Site Reliability Engineer, Integrated Systems
At Wayfair, we are looking to strengthen and grow our Production Operations team by bringing on board talented SRE engineers to join our platform team that manages large scale physical and virtual server environment that underpins our global e-commerce platform. In this role, you will be involved with and exposed to a wide variety of systems and technologies. The team is aggressively moving towards “Infrastructure as Code” model. We are looking for someone with “automation” mindset.
What You’ll Do:
- Own SLA for Production Systems
- Drive faster MTTD/MTTR for critical systems
- Troubleshoot independently Sev1/Sev2 incidents
- Own/Manage/Support baseline Operating System image/templates
- Support CI/CD
- Maintain and review DSC/puppet modules and support the provisioning infrastructure
- Own and operate all package repos (python/java/rpm/etc.) using tools such as Pulp, Artifactory, etc.

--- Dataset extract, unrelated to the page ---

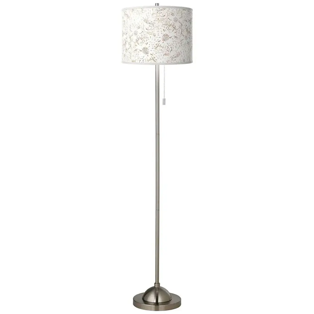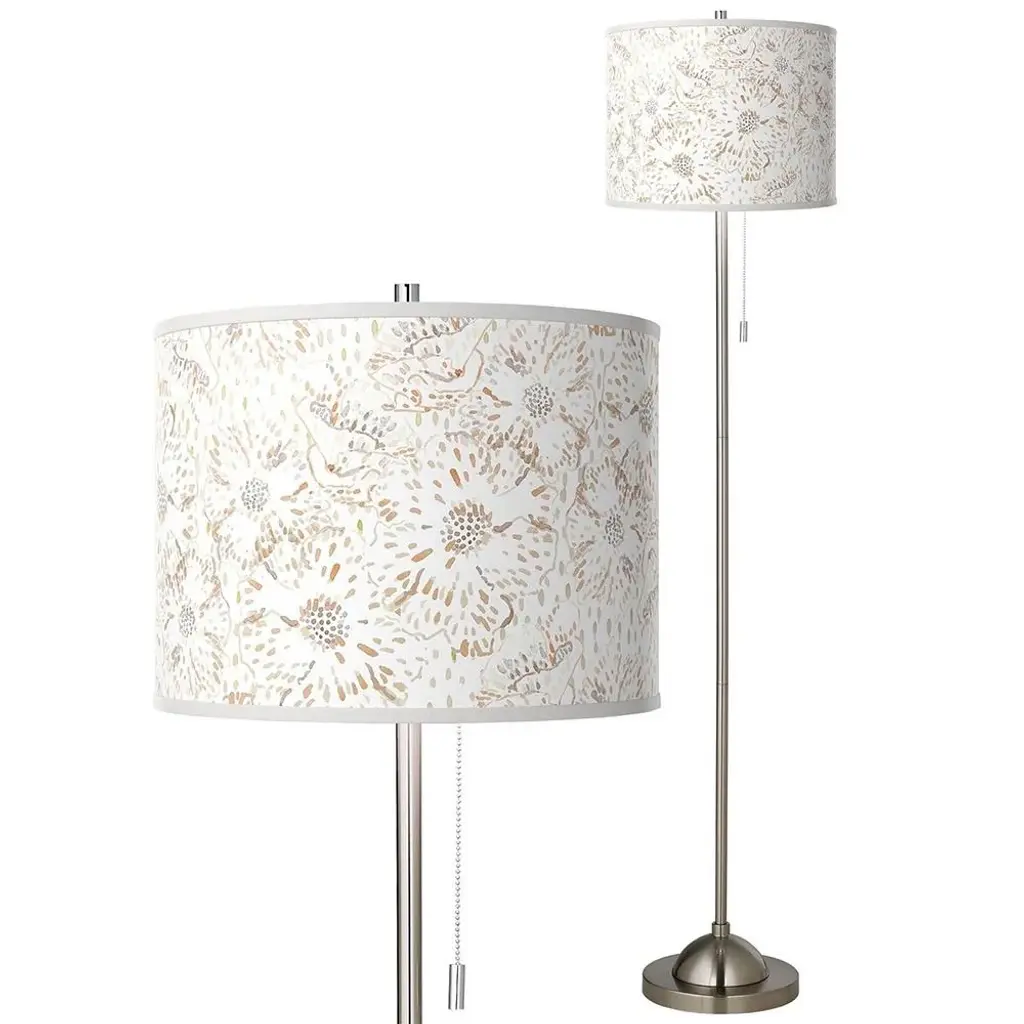 PRODUCT DETAILS: Overall: 62" high. Shade is 13 1/2" wide x 10" high. Base is 10" wide x 1 1/4" high. Takes one maximum 100 watt bulb (not included). Floor lamp with pull chain. Custom printed translucent shade with Windflowers pattern. Exclusive shade design by pattern designer Katja Hockenberg. Brushed nickel finish. DESCRIPTION: The base of this floor lamp has a modern look that pairs well with the unique personality of a giclee art shade. The custom made-to-order shade features a stylish Windflowers giclee-printed pattern that is printed by the same technique used in reproducing museum-quality artwork. The base features a cool, brushed nickel finish and has an on-off pull chain.

- Drive efficiencies across hybrid cloud (GCP, Azure, OnPrem)
- Invent innovative ways to drive production operational efficiency
- Drive scalability and operability of supported systems/infrastructure
- Own production systems scaling & throughput
- Work with other teams to provide consultations in systems architecture support for new and existing production systems
- Participate in on-call rotation
- Create and maintain detailed documentation
Some of our larger initiatives include:
- End to End Automation of system builds
- Ongoing scaling of our platform to support forecasted holiday traffic
- Puppet module standardization and improving automation of systems, processes, and services
- Data center expansion and moving to the cloud
What You’ll Need:
- BA or BS degree from a 4-year college or university desired
- Minimum three years systems administration/Site Reliability/Platform/DevOps background
- Experience with infrastructure including but not limited to data center operations, server hardware, web servers (IIS, jboss, etc.), databases (MS SQL, mySQL, mongoDB), virtualization (VMware), networking, storage, monitoring, etc.

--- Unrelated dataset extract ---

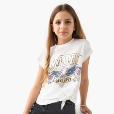Juniors Graphic Print T-shirt with Short Sleeves and Knot Detail

- Experience with structured programing languages (PowerShell, Python, etc.)
- Experience with .NET and RestAPI is a plus
- Experience with continuous integration platforms such as Jenkins, Bamboo, Gitlab CI etc.
- Understanding of Agile, ITIL, DevOps practices such as CI/CD, automated testing etc.
- Experience with JVM tuning and optimal configuration
Wayfair is one of the world’s largest online destinations for the home. Whether you work in our global headquarters in Boston or Berlin, or in our warehouses or offices throughout the world, we’re reinventing the way people shop for their homes. Through our commitment to industry-leading technology and creative problem-solving, we are confident that Wayfair will be home to the most rewarding work of your career. If you’re looking for rapid growth, constant learning, and dynamic challenges, then you’ll find that amazing career opportunities are knocking.
No matter who you are, Wayfair is a place you can call home. We’re a community of innovators, risk-takers, and trailblazers who celebrate our differences, and know that our unique perspectives make us stronger, smarter, and well-positioned for success. We value and rely on the collective voices of our employees, customers, community, and suppliers to help guide us as we build a better Wayfair – and world – for all. Every voice, every perspective matters. That’s why we’re proud to be an equal opportunity employer. We do not discriminate on the basis of race, color, ethnicity, ancestry, religion, sex, national origin, sexual orientation, age, citizenship status, marital status, disability, gender identity, gender expression, veteran status, or genetic information.